[364] See the protest of Eratosthenês against the continuance of the classification into Greek and Barbarian, after the latter word had come to imply rudeness (ap. Strabo. ii. p. 66; Eratosth. Fragm. Seidel. p. 85).
[365] Cato, Fragment. ed. Lion. p. 46; ap. Plin. H. N. xxii. 1. A remarkable extract from Cato’s letter to his son, intimating his strong antipathy to the Greeks; he proscribes their medicine altogether, and admits only a slight taste of their literature: “Quod bonum sit eorum literas inspicere, non per discere.... Jurarunt inter se, Barbaros necare omnes medicinâ, sed hoc ipsum mercede faciunt, ut fides iis sit et facile disperdant. Nos quoque dictitant Barbaros et spurios, nosque magis quam alios, Opicos appellatione fœdant.”

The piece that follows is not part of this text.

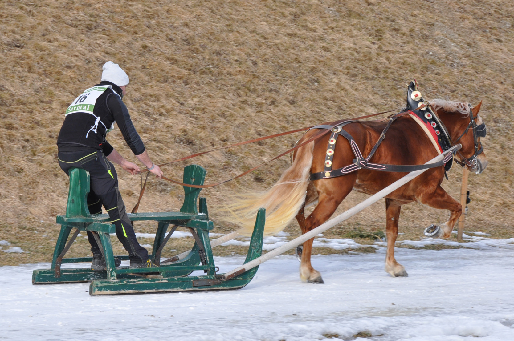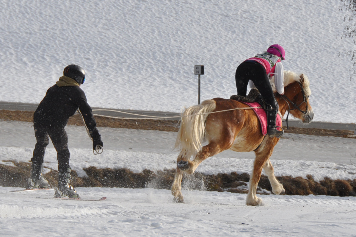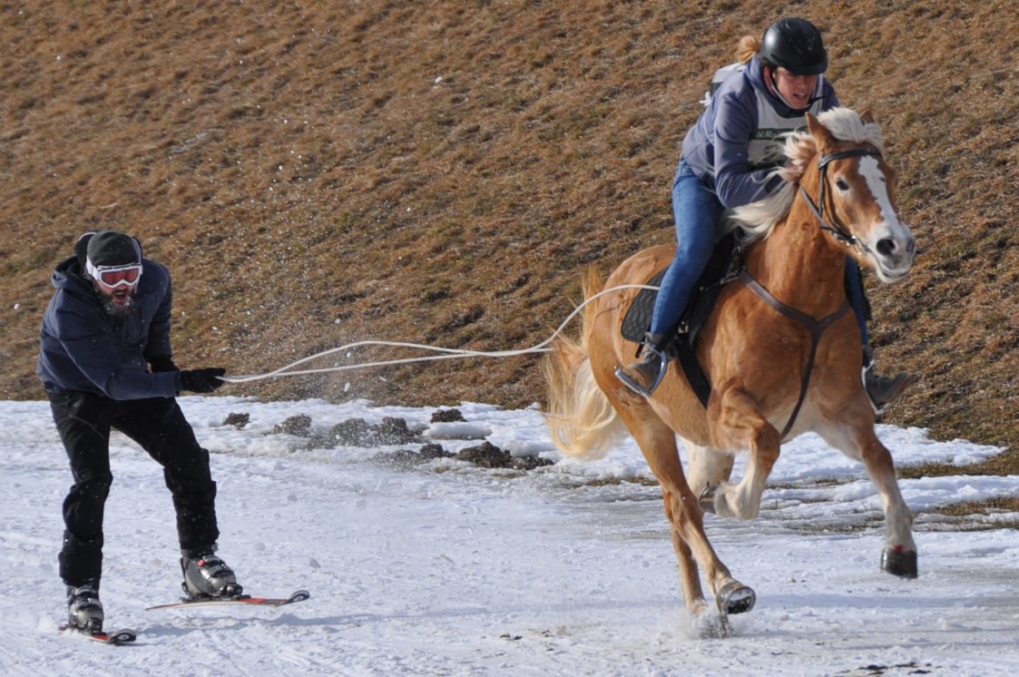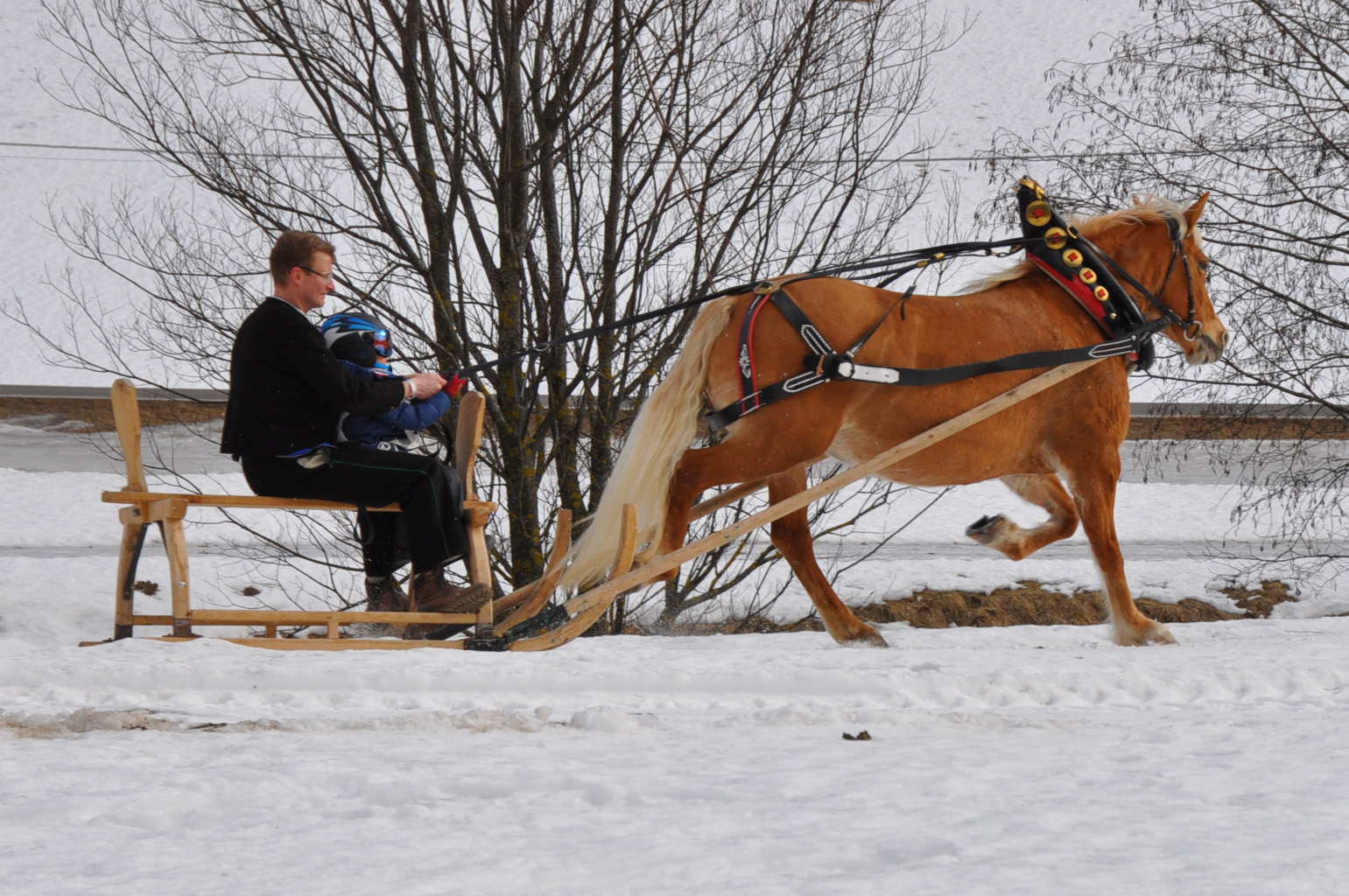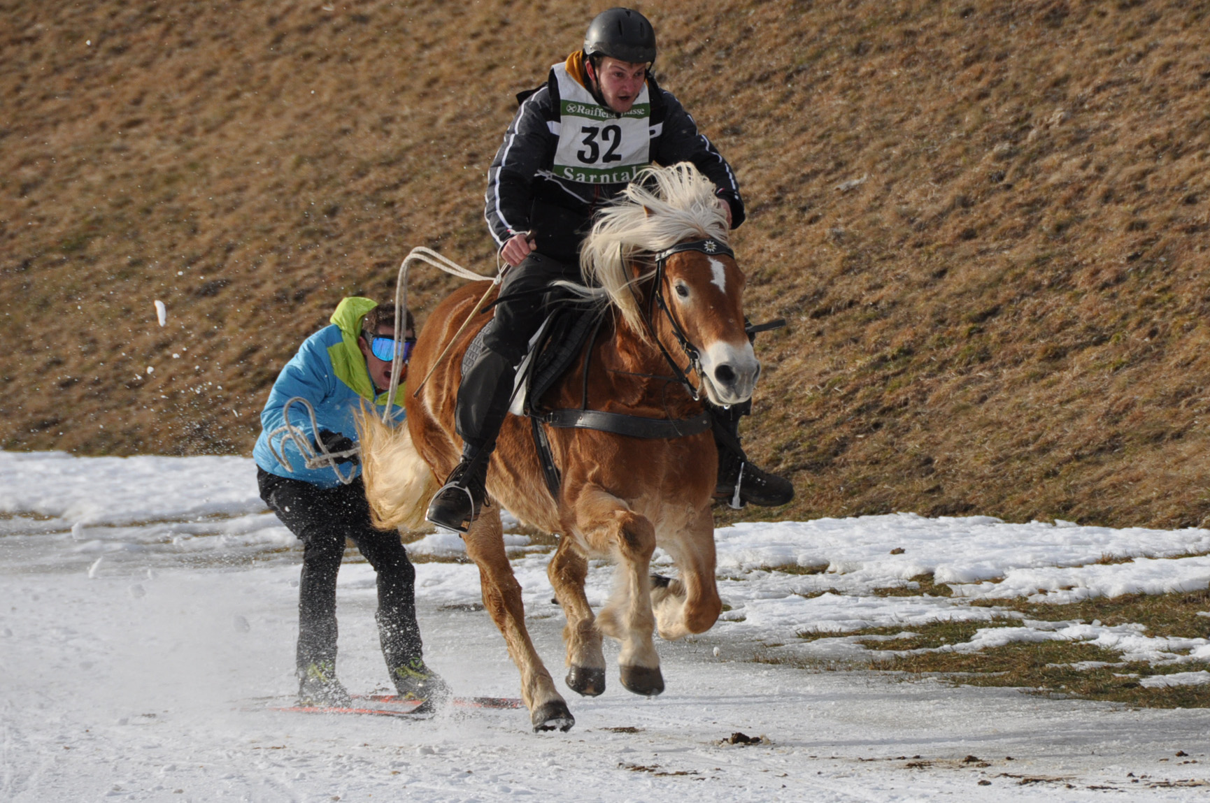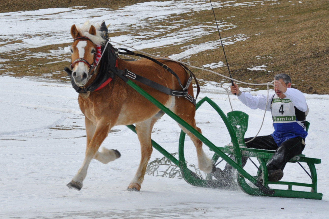 It’s that time of the year – time for the Val Sarentino/Sarntal Haflinger Breeders’ Association’s annual sleigh race and skijoring contest at the Rabensteiner inn and farmstead in Mules/Muls. And on Saturday 22 January 2022, crowds from near and far braved fierce gusts of icy wind and excitedly cheered on the Haflingers racing in a number of categories with their golden winter coats glistening in the sun.

[366] Καρῶν ἠγήσατο βαρβαροφώνων, Homer, Iliad, ii. 867. Homer does not use the word βάρβαροι, or any words signifying either a Hellen generally or a non-Hellen generally (Thucyd. i. 3). Compare Strabo, viii. p. 370; and xiv. p. 662.

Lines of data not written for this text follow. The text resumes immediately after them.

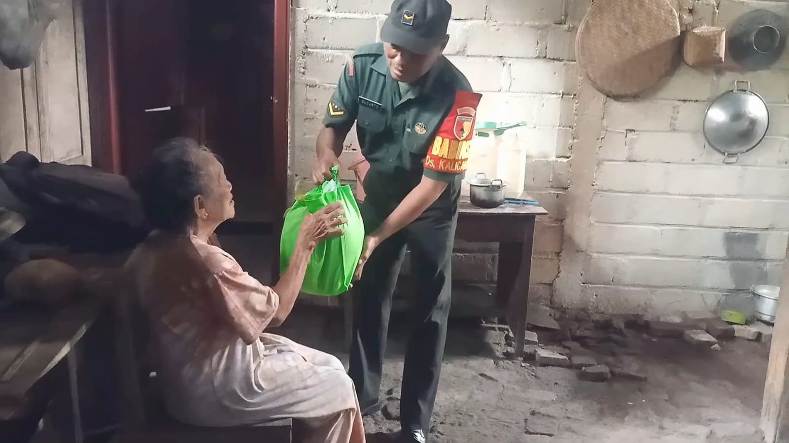 Serda Sudarto berkunjung ke rumah warga binaannya, untuk memberikan bantuan berupa paket sembako kepada Ibu Misirah warga Desa Kaligambir Kecamatan Panggungrejo.
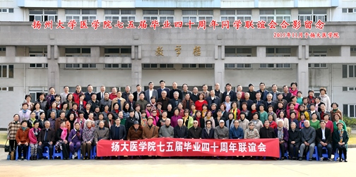 2015年11月14日,医学院1975届校友毕业40周年返校联谊活动在扬州举行,该届120名校友返校。医学院党委书记王炜、副院长鞠永熙,周锦秀、成志芳、王树槐、唐尧等教师代表参加活动。
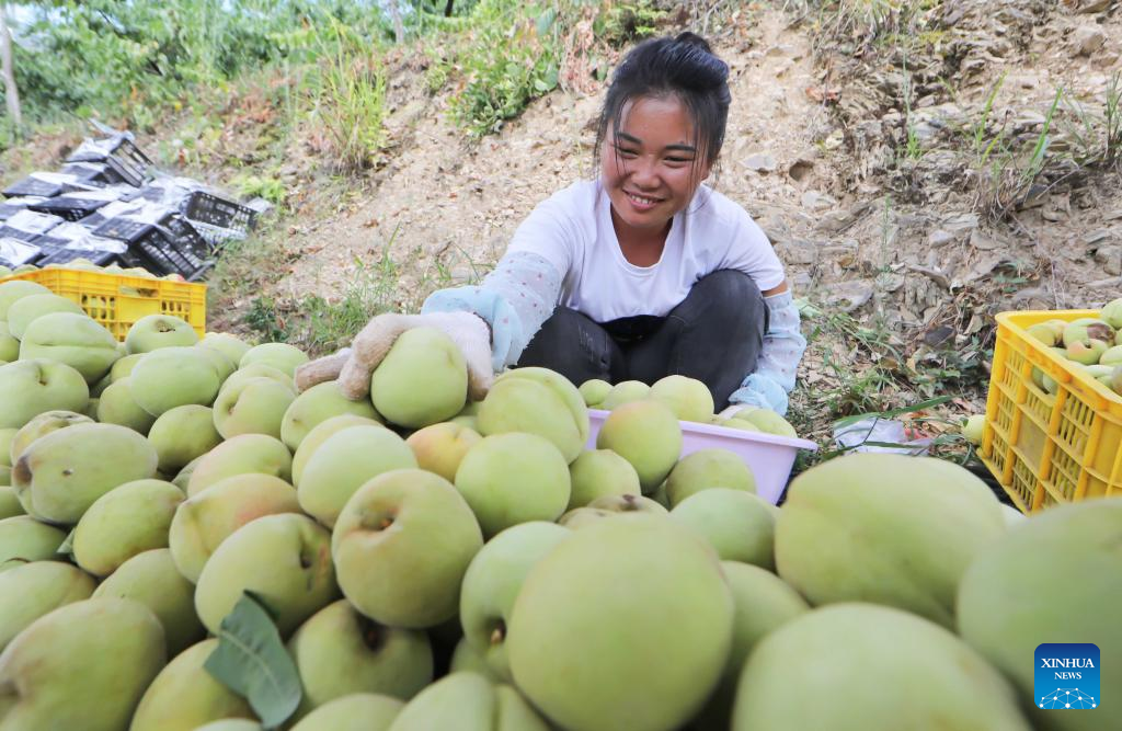 Villagers sort peaches in Xiazhai Village of Cengong County, Qiandongnan Miao and Dong Autonomous Prefecture, southwest China's Guizhou Province, Aug. 22, 2022. Tuesday marks the Chushu of the solar terms. The scorching summer is going to pass by after this day. (Photo by Luo Hui/Xinhua)
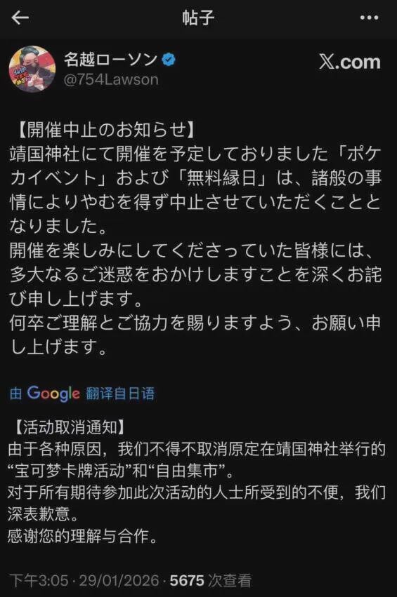 日本《精靈寶可夢》的卡牌遊戲玩家,原定1月31日在靖國神社舉辦「《精靈寶可夢》卡牌兒童體驗教室」,引發中國關注,有傳活動已經被取消。《環球時報》炮轟,此舉是「對歷史真相的公然褻瀆」,而內地網民紛紛留言稱抵制,獲社評「予以點讚」。

Ovid reproduces the primitive sense of the word βάρβαρος, when he speaks of himself as an exile at Tomi (Trist. v. 10-37):—
“Barbarus hic ego sum, quia non intelligor ulli.”
The Egyptians had a word in their language, the exact equivalent of βάρβαρος in this sense (Herod. ii. 158).
[367] Herod. viii. 144. ...τὸ Ἑλληνικὸν ἐὸν ὅμαιμόν τε καὶ ὁμόγλωσσον, καὶ θεῶν ἱδρύματά τε κοινὰ καὶ θυσίαι, ἤθεα τε ὁμότροπα· τῶν προδότας γενέσθαι Ἀθηναίους οὐκ ἂν εὖ ἔχοι. (Ib. x. 7.) Ἡμεῖς δὲ, Δία τε Ἑλλήνιον αἰδεσθέντες, καὶ τὴν Ἑλλάδα δεινὸν ποιεύμενοι προδοῦναι, etc.
Compare Dikæarch. Fragm. p. 147, ed. Fuhr; and Thucyd. iii. 59,—τὰ κοινὰ τῶν Ἑλλήνων νόμιμα... θεοὺς τοὺς ὁμοβωμίους καὶ κοινοὺς τῶν Ἑλλήνων: also, the provision about the κοινὰ ἱερὰ in the treaty between Sparta and Athens (Thuc. v. 18; Strabo, ix. p. 419).
It was a part of the proclamation solemnly made by the Eumolpidæ, prior to the celebration of the Eleusinian mysteries, “All non-Hellens to keep away,”—εἴργεσθαι τῶν ἱερῶν (Isocrates, Orat. iv. Panegyr. p. 74).
[368] Hekatæ. Fragm. 356, ed. Klausen: compare Strabo, vii. p. 321; Herod. i. 57; Thucyd. i. 3,—κατὰ πόλεις τε, ὅσοι ἀλλήλων συνίεσαν, etc.